Sunday, December 22, 2013

Still alive in my imagine


Hal baru tak pernah menjamin kebahagian seseorang, begitu juga dengan semua hal baru yang hinggap dengan lancang dihidupku sekarang.
Apa lagi yang harus kuperjelas dengan semua keasingan ini?
Apa lagi yang harus kucari bahwa aku tau semua telah berakhir?
Harus berapa lama aku menunggumu kembali?
"Aku disini bertahan dengan segala penderitaan yang datang bertubi-tubi silih berganti yang tanpa lengah menghampiriku. Aku disini menanti semua janji-janjimu dan aku tau kau akan kembali. Aku terus saja berlari dan mencari kemana sebenarnya sosokmu pergi. Menunggumu pulang kantor ketika petang, menunggumu ketika sang fajar mulai datang, tapi sosokmu tetap menjadi halusinasi. Pulanglah, tidak rindukah kau terhadapku dan semua orang yang mencintaimu?"
Bagiku kau belum mati, hanya saja jasadmu telah terpendam dan kembali menyatu dengan alam. Bukan alasan untuk mereka mengatakanku anak piatu atau menggantikan posisimu dengan wanita lain, bagiku hanya kau ibu dan satu-satunya wanita yang paling berjasa untukku. Walau kenyataan pahit yang harus kau dan aku terima, bahwa posisimu telah tergantikan dengan orang lain. Baginya memang dia segalanya, tapi bagiku kau lebih segala-galanya. Maafkan aku jika dulu ku tak pernah menganggapmu, selalu menomer duakanmu, selalu melanggar semua aturanmu, selalu saja mengacuhkan perintahmu, selalu saja membuatmu kesal, ah entah mungkin kau sudah bosan disini bersamaku, lalu pergi dan tak pernah kembali.

Dan lagi ...
"Aku berusaha menjadi wanita yang tegar, menerima semua cobaan, mengikhlaskan semua kenangan, menetralisir keadaan, dan aku masih saja berusaha memahami bahwa kau sudah tak akan pernah kembali. Selalu saja terasa pahit, ketika melihat posisimu telah terganti dengan seseorang yang entahlah aku tak begitu menyukainya, dan kau pasti tahu betul itu. Selalu saja terasa membosankan, ketika harus menyadari bahwa posisiku hanya bagaikan orang asing dirumahku sendiri, dan kau pun pasti enggan mampir kemari lagi. Selalu saja terasa getir, ketika radarku menangkap semua omongan pait mengenai keluarga baruku, dan lagi-lagi harus menyayat hati ketika banyak kujumpai teman-teman dan remaja seumuranku bergelanyut manja menghabiskan waktu berdua dengan ibu mereka. Ya kau tau, seumuranku sangatlah membutuhkan sosok ibu, tapi tak pernah kutemui sosokmu lagi, ya kepergianmu mengajariku banyak hal terutama kedewasaan"
Lalu,
kuputuskan langkahku untuk berhenti mencarimu. Tanpa ku cari, sebenarnya kau telah hadir disini, hanya saja aku kurang peka untuk mengamati. Dan kini aku berusaha menerima semua dengan potongan ikhlas dan sabar yang masih ku punya. Mengasihimu dalam sepi, mencintaimu dalam sunyi, memelukmu dalam doa dan  menghidupkan ragamu dalam imajinasi.

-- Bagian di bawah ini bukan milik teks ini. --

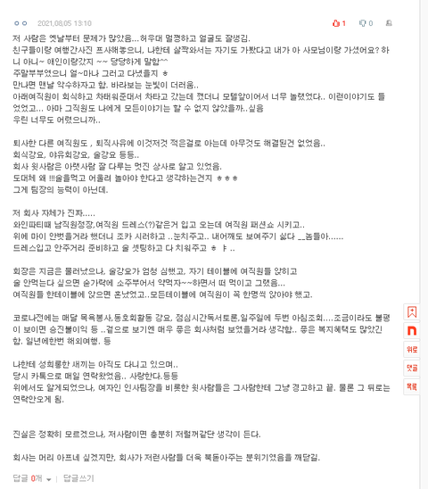(한 여직원은 결혼 전 본인에게 결혼할 남자친구 인사 안 시켰다며 괴롭혔고 그런 일들이 쌓여 그 여직원은 퇴사했다고 남편에게 들었습니다)

Sosokmu yang begitu hangat, menghadirkan semua bayangan, membuatku mengulang semua kejadian yang pernah ada. Aku ingat kado terakhir untukmu, tepat tanggal 22 Desember beberapa tahun lalu. Kini hanya doa yang mampu kuhantarkan untukmu, hanya sepi yang mampu menerjemahkan rinduku terhadapmu, dan hanya mimpi yang mampu mempertemukanku padamu. Tidurlah dengan tenang, bersenang-senanglah kau disana, bukankah bertemu lagi dengan ibumu di surga adalah impianmu dari dulu. Sampaikan salam rinduku untuk kedua orang tuamu disana, tenanglah dalam damai. Maafkan semua kesalahanku, sesungguhnya aku ingin mengatakan ini dan memelukmu dalam bahagia. Namun apa dayaku, aku tak ikut memiliki dunia dan umur manusia.

"Lewat apapun ucapan kali ini, kuharap kau mau mendengar dan terus menemaniku dalam sunyi. Selamat hari ibu ya Ma, jangan pernah lelah mengajariku akan kedewasaan dan kesabaran. Kenyataan memang selalu pahit, tapi mengertilah bahwa posisimu diduniaku takkan pernah terganti. I do love you more and more, its always been you my supermomsky. Rest in peace mom :'* "

Friday, December 13, 2013

Past is over


Waktu merangkak begitu cepat, tak terasa ini adalah tahun kedua ku melewati angka 13, bedanya hanya saja kini kulewati sendirian. Semua telah berevolusi cepat, begitu juga waktu, begitu juga kamu, begitu juga kita. Entah kata-kata trakhirmu sebelum kata KITA terhapus masih saja terus menghantui sudut otakku, melayangkan kenangan dan menuai perih. Kamu bilang bahwa hanya aku, tetapi ada dia. Kamu bilang tak akan bisa terganti, tetapi tergantikan. Kamu bilang tak akan terlupakan, tapi kamu melupakan. Kadang kusinggung sedikit tentang kenangan yang pernah kita buat dulu, tapi kamu seakan tak pernah mengingat sedikitpun KITA dulu.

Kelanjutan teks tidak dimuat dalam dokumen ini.